必要な資源を地域で見つける、半径1km以内で行う循環ビジネスとは。
岡山・北東部に位置する人口約1300人の西粟倉村。
村の鶏舎で元気よく走り回る鶏に餌として与えられていたのは、出荷されなかった「野菜くず」や「しょうゆかす」など、餌の材料の多くは利用されずに捨てられるはずのものばかり。
一体なぜなのでしょうか。
西粟倉村は、一時は「将来消滅する可能性がある自治体」の一つとされていましたが、ベンチャー企業を積極的に誘致するなどして2024年、そのリストから外され、今では人口の2割を移住者が占めています。
そんな移住者の1人、羽田知弘さんは2015年に移住し、2年前から村内の耕作放棄地に鶏舎を建て、養鶏業を営んでいます。
株式会社点々・羽田知弘取締役:
狩猟の延長で卵を自給自足したいと思って、鶏を飼い始めた。すごく感動する出来事があって、家で生ごみを捨てることなくなったんですよ。(生ごみを)庭に置いておくと鶏が喜んで食べるんですよね。鶏が庭にいることでごみも出なくなるし、卵も産んでくれるし、そのうんちは畑の肥料になって、またそこで作物を育てて、サイクルがぐるぐる回り始めたというのが原体験。
羽田さんが行っているのは「平飼い」と呼ばれる、鶏が地面の上で自由に動けるようにする飼育方法です。
日本では一般的にケージに入れて飼育することがほとんどで、平飼いの鶏から生まれた卵はわずか1%程度だといいます。
鶏の餌を作る作業場には規格外のくず米や麦、しょうゆの搾りかすなどがありました。
そして、羽田さんに案内されて向かったコイン精米機のドアを開けてみると、大量の米ぬかがありました。

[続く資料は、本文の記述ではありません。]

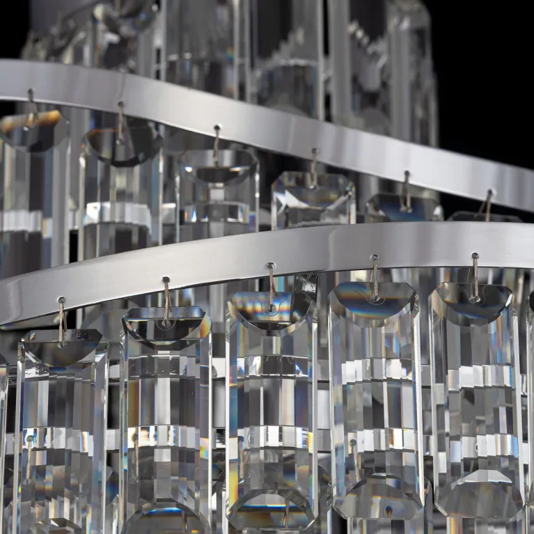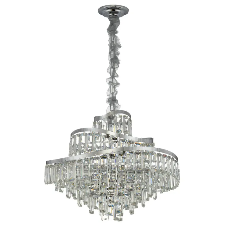 Преобладающий цвет плафонов: Прозрачный, арматуры: Хром; материал изготовления арматуры: Металл, размеры, мм: / высота 1250 / диаметр 550. Общая мощность – 480 Ватт. Основной тип ламп, предусмотренный производителем: Накаливания с цоколем E14. В зависимости от предпочтений можно использовать лампы теплового, холодного или нейтрального света, за исключением люстр с типом цоколя LED.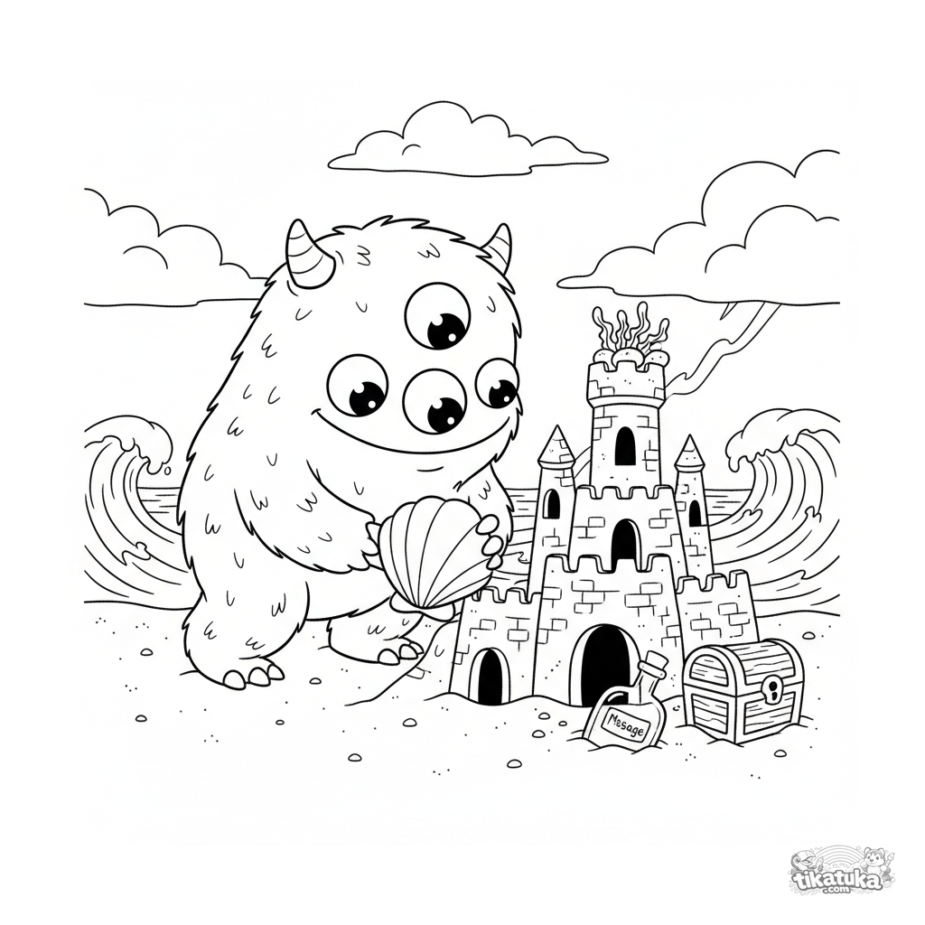 Coloring page of a friendly furry monster. For kids aged 3-6. The three-eyed monster builds a sandcastle on a deserted, stormy beach.

これらは全て、本来ならば使わずに捨てられてしまう未利用資源。
羽田さんはこうした地域の未利用資源を有効活用して鶏の餌を作っているのです。
その後、羽田さんが向かったのは隣町の漬物工場。
お目当ては白菜の外葉でした。
羽田さんは「どうしても飼料だけだと水分がなくなってしまったり、ビタミンとかミネラルがとりにくかったりするので、2日に1回ぐらいのペースで取りに来させてもらっている」といいます。
もらった白菜の外葉を鶏舎に運んできた羽田さんが早速、鶏たちに与えると、大はしゃぎし、われ先にとついばみ始めます。
羽田さんの鶏舎には鶏が約1200羽おり、毎日約700個の卵を産んでくれます。
こうしてとれた卵は、村内の直営店や道の駅などで販売されている他、ミシュランの星付き飲食店にも納入されています。
株式会社点々・羽田知弘取締役:
この集落はもう20世帯40人しかいなくて、半径1kmで大体全てが揃っているんですけれども、売り上げをつくれた、利益を残せた、雇用をつくれたとなったとしたら、きっと他の自治体とか他の地域でも平飼い養鶏をやりたいという方がいらっしゃると思うので、この集落から平飼い養鶏を中心に資源をぐるぐる循環させながら産業と雇用をつくる。
今後は飼育数を3000羽まで増やす他、卵を使った食品の加工場やレストラン、宿泊施設などもつくっていきたいという羽田さん。
小さな集落で大きな夢が広がっています。